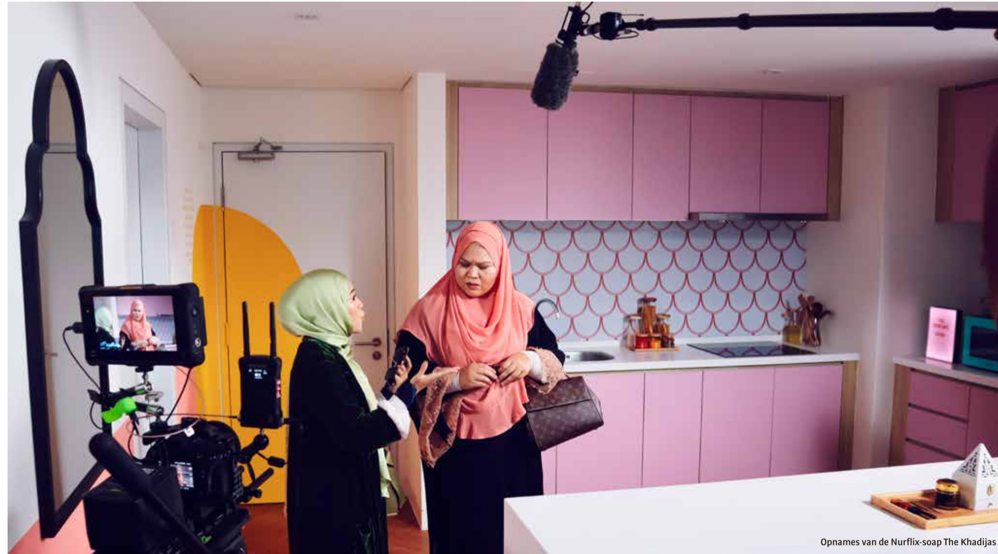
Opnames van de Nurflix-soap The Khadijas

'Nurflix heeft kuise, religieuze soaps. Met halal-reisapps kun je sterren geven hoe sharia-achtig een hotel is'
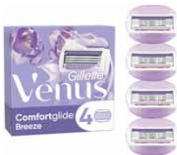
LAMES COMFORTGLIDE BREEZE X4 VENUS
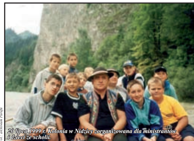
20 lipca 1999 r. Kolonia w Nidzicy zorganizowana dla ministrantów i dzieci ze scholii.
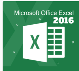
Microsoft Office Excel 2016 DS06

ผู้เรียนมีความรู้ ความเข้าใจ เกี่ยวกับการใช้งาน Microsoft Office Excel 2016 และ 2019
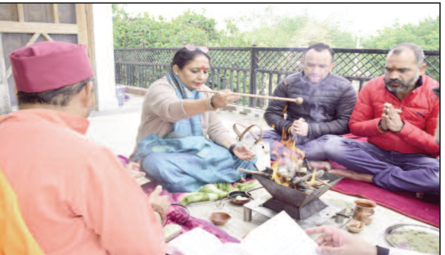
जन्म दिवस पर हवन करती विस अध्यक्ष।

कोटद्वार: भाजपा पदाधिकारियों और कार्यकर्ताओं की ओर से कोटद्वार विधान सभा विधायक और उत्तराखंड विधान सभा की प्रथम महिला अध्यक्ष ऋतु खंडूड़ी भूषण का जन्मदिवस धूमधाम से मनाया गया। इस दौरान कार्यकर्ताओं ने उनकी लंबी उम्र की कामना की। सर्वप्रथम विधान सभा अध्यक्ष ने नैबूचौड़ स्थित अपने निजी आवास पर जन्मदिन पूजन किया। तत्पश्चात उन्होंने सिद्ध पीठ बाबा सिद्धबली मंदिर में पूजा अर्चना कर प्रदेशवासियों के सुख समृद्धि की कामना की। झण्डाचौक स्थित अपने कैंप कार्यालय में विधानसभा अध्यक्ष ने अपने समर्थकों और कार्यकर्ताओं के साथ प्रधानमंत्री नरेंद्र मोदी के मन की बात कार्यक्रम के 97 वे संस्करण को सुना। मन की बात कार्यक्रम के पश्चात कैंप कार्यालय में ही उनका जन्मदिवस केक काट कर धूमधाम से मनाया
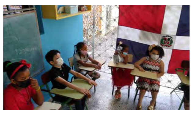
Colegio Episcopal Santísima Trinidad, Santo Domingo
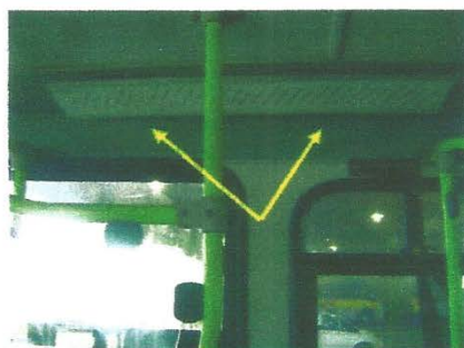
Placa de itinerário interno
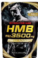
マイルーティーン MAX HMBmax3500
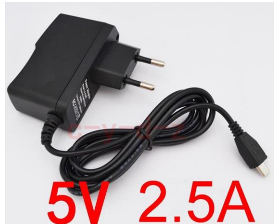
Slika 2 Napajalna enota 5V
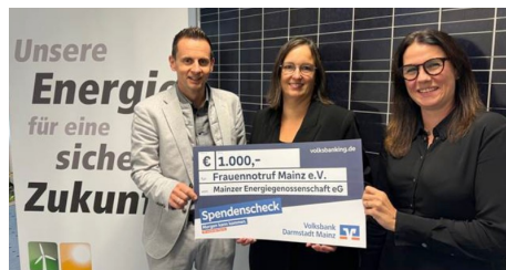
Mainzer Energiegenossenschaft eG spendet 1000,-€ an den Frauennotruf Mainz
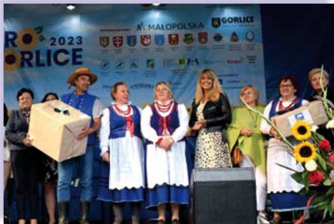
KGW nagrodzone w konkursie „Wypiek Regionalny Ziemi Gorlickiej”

_WHAT IS REQUIRED:_ Everything in the data except the pictures must appear in your answer unchanged.

_ANSWER BOX:_
Opnames van de Nurflix-soap The Khadijas

'Nurflix heeft kuise, religieuze soaps. Met halal-reisapps kun je sterren geven hoe sharia-achtig een hotel is'
LAMES COMFORTGLIDE BREEZE X4 VENUS
20 lipca 1999 r. Kolonia w Nidzicy zorganizowana dla ministrantów i dzieci ze scholii.
Microsoft Office Excel 2016 DS06

ผู้เรียนมีความรู้ ความเข้าใจ เกี่ยวกับการใช้งาน Microsoft Office Excel 2016 และ 2019
जन्म दिवस पर हवन करती विस अध्यक्ष।

कोटद्वार: भाजपा पदाधिकारियों और कार्यकर्ताओं की ओर से कोटद्वार विधान सभा विधायक और उत्तराखंड विधान सभा की प्रथम महिला अध्यक्ष ऋतु खंडूड़ी भूषण का जन्मदिवस धूमधाम से मनाया गया। इस दौरान कार्यकर्ताओं ने उनकी लंबी उम्र की कामना की। सर्वप्रथम विधान सभा अध्यक्ष ने नैबूचौड़ स्थित अपने निजी आवास पर जन्मदिन पूजन किया। तत्पश्चात उन्होंने सिद्ध पीठ बाबा सिद्धबली मंदिर में पूजा अर्चना कर प्रदेशवासियों के सुख समृद्धि की कामना की। झण्डाचौक स्थित अपने कैंप कार्यालय में विधानसभा अध्यक्ष ने अपने समर्थकों और कार्यकर्ताओं के साथ प्रधानमंत्री नरेंद्र मोदी के मन की बात कार्यक्रम के 97 वे संस्करण को सुना। मन की बात कार्यक्रम के पश्चात कैंप कार्यालय में ही उनका जन्मदिवस केक काट कर धूमधाम से मनाया
Colegio Episcopal Santísima Trinidad, Santo Domingo
Placa de itinerário interno
マイルーティーン MAX HMBmax3500
Slika 2 Napajalna enota 5V
Mainzer Energiegenossenschaft eG spendet 1000,-€ an den Frauennotruf Mainz
KGW nagrodzone w konkursie „Wypiek Regionalny Ziemi Gorlickiej”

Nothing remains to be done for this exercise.